(Stored records)
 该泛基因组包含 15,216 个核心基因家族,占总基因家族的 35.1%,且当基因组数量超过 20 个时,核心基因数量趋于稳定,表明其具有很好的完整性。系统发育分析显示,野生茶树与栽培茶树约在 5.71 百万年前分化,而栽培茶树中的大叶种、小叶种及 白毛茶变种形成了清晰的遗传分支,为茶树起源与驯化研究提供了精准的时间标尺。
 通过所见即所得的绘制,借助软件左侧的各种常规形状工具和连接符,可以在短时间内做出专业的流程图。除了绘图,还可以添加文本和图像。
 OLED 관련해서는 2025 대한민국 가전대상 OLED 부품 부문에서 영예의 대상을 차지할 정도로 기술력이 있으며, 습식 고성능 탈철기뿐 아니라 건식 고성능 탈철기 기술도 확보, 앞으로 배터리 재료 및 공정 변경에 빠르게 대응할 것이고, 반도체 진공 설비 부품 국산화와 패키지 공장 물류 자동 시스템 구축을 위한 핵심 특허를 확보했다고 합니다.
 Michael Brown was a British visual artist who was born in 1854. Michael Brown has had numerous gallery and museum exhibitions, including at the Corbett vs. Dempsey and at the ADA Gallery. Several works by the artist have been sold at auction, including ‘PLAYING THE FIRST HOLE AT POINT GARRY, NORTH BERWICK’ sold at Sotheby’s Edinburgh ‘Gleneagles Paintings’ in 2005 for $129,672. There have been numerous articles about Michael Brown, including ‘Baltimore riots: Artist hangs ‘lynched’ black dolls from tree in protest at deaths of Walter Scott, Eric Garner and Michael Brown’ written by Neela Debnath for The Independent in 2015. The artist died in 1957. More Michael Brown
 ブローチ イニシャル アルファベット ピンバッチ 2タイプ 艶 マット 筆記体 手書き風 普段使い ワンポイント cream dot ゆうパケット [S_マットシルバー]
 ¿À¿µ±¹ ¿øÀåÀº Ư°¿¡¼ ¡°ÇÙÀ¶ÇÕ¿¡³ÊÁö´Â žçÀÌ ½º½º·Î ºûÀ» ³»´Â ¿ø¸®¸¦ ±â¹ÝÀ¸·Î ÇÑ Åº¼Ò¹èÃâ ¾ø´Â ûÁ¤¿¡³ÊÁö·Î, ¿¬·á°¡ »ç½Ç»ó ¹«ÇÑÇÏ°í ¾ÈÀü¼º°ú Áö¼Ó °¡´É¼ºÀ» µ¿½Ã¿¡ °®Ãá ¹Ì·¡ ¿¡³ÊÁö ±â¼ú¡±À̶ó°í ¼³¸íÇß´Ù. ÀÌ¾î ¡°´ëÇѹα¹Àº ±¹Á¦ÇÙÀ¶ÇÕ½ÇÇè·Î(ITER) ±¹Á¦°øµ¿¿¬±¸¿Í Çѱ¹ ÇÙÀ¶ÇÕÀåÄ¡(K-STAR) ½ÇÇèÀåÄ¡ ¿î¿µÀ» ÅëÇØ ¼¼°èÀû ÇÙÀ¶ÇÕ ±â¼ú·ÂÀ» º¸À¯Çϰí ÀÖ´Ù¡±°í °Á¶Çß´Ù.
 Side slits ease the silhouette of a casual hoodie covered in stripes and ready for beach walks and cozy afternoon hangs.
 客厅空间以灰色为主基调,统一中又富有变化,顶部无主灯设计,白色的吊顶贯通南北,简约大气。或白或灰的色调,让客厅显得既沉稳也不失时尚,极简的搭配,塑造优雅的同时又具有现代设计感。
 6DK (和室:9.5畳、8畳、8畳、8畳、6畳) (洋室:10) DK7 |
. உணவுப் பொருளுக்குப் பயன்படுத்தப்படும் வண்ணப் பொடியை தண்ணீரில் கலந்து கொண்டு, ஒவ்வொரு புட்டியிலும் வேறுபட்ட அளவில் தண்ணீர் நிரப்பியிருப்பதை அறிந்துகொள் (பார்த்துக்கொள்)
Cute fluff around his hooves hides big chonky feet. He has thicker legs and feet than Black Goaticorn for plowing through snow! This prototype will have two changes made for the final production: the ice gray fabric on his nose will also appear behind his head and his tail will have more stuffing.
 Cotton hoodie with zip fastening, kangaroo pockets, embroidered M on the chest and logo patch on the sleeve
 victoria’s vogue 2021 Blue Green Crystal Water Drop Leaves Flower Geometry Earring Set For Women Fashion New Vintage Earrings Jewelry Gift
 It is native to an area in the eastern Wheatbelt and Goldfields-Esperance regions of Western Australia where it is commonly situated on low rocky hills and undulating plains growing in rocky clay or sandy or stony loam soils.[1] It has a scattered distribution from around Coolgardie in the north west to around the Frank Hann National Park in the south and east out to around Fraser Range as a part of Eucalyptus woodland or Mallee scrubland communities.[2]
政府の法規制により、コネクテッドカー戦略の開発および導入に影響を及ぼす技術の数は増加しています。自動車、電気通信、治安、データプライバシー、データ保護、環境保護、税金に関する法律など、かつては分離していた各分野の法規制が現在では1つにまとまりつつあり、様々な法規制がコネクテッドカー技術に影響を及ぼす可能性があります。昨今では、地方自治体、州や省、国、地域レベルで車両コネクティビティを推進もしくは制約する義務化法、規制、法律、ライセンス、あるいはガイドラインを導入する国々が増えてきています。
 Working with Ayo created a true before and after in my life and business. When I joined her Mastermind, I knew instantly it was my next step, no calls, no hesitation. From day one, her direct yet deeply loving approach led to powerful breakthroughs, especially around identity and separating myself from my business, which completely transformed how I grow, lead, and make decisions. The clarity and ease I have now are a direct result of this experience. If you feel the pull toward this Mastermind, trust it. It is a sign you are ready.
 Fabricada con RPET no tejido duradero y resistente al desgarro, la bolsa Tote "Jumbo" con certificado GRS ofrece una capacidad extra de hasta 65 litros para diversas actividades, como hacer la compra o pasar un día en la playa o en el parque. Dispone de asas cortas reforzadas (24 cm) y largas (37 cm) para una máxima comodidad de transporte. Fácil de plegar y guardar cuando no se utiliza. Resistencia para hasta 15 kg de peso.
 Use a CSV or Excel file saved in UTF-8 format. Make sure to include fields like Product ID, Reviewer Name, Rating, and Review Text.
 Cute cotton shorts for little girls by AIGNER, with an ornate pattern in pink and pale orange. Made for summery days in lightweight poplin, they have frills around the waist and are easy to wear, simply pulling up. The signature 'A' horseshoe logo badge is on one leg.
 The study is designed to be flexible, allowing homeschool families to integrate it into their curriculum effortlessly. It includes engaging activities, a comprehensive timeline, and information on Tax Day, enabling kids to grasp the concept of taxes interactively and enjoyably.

-- What the task requires --
Pick each line holding the word "hoodie" out of the data and copy it.

-- Output for this exercise --
 Side slits ease the silhouette of a casual hoodie covered in stripes and ready for beach walks and cozy afternoon hangs.
 Cotton hoodie with zip fastening, kangaroo pockets, embroidered M on the chest and logo patch on the sleeve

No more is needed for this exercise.